[Cryptography] Solving Matt's hash problem

Viktor Dukhovni cryptography at dukhovni.org
Tue Nov 15 01:56:17 EST 2022


On Sat, Nov 12, 2022 at 12:18:33PM +0000, John Levine wrote:

> In Matt Levine's long article about cryptocurrencies, he describes in
> accurate detail how hashing works, and mentions in an aside that he
> cannot include the hash of the article in the article itself, you (the
> reader) figure out why.
> 
> I know this is a preimage problem, but is there anything about making
> the hash itself part of the input that would make it harder or easier
> to solve?

If the message is fixed length, and the only thing we can vary is the
embedded hash, then we're looking for a fixed-point of a "random"
function from hash values to hash values.  There are two potential
barriers:

1. The random function might not even have a fixed-point.
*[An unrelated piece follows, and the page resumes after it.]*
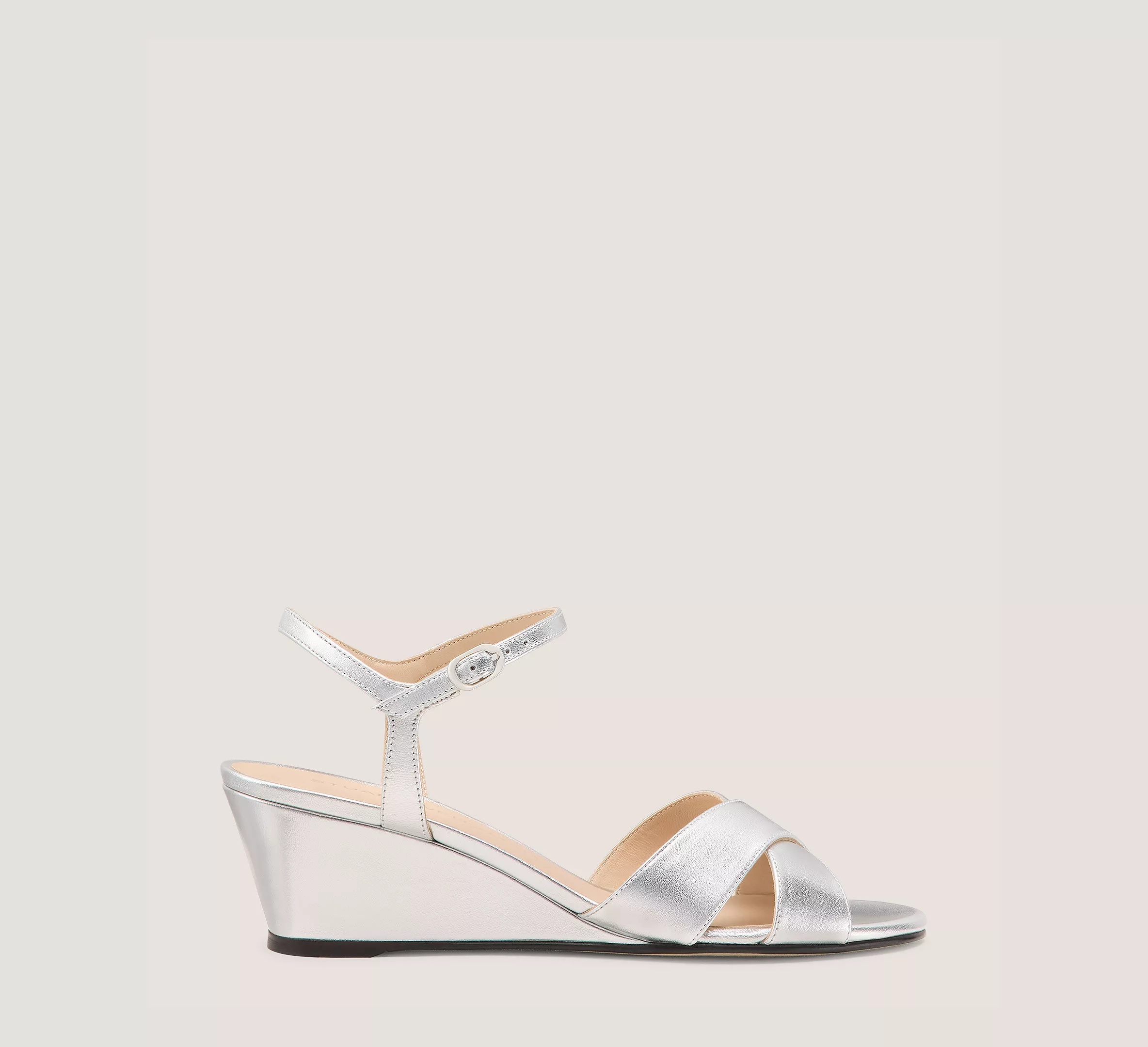 EDITOR'S NOTES Elevate your everyday outfits with the DAYNA DEMI WEDGE. Inspired by our customer-favorite DAYNA PLATFORM sandal, it features the same crossover toe straps and sleek, adjustable ankle strap. A 50-mm wedge infuses heightened sophistication into the look without sacrificing comfort. PRODUCT DETAILS MEASUREMENTS Heel Height: 2", 50 mm All measurements are made on a size 6 shoe. There may be slight measurement variations based on size. FEATURES Sandal Wedge Round toe Adjustable ankle strap MATERIALS Liquid Metallic Leather Leather insole Leather outsole

    The probably of a random endomorphism on m valus, for large m, not
    having a fixed point is ((m-1)/m))^m or ~1/e.  So the solution has
    an ~37% chance of not existing at all.
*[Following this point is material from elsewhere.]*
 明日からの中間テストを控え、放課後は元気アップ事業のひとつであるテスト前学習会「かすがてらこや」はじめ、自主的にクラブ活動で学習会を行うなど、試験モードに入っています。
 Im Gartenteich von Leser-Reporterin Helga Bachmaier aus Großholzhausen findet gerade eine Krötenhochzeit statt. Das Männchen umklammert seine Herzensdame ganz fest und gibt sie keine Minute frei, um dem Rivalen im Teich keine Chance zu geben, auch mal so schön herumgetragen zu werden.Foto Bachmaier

    More generally, for k << m, the probability of having $k$ fixed
    points is approximately Poisson with a mean of 1:

        P(k) ~ 1 / (e * k!)

    this diminishes quickly with k.  Having many fixed points is
    unlikely.

    This is also the distribution of the number of preimages of a
    point.  So 1/e points have no preimage, and for points with
    at least one preimage the average number of preimages is
    (e/e-1) ~ 1.58.

2. Even if a fixed point exists, finding one is non-trivial:

    With all 2^n n-bit strings as the input space, starting from a
    random hash, the typical number of steps before returning to a
    previous value is by the birthday paradox O(2^(n/2)), which is then
    plausibly a good estimate for twice the typical cycle length of the
    iterated random function.

    With the cycles rather long on average, finding a short cycle (let
    alone a fixed-point) is intuitively challenging, but I don't know
    the literature, there are likely rather more detailed analyses than
    the above naive hand waving (which could even be in error).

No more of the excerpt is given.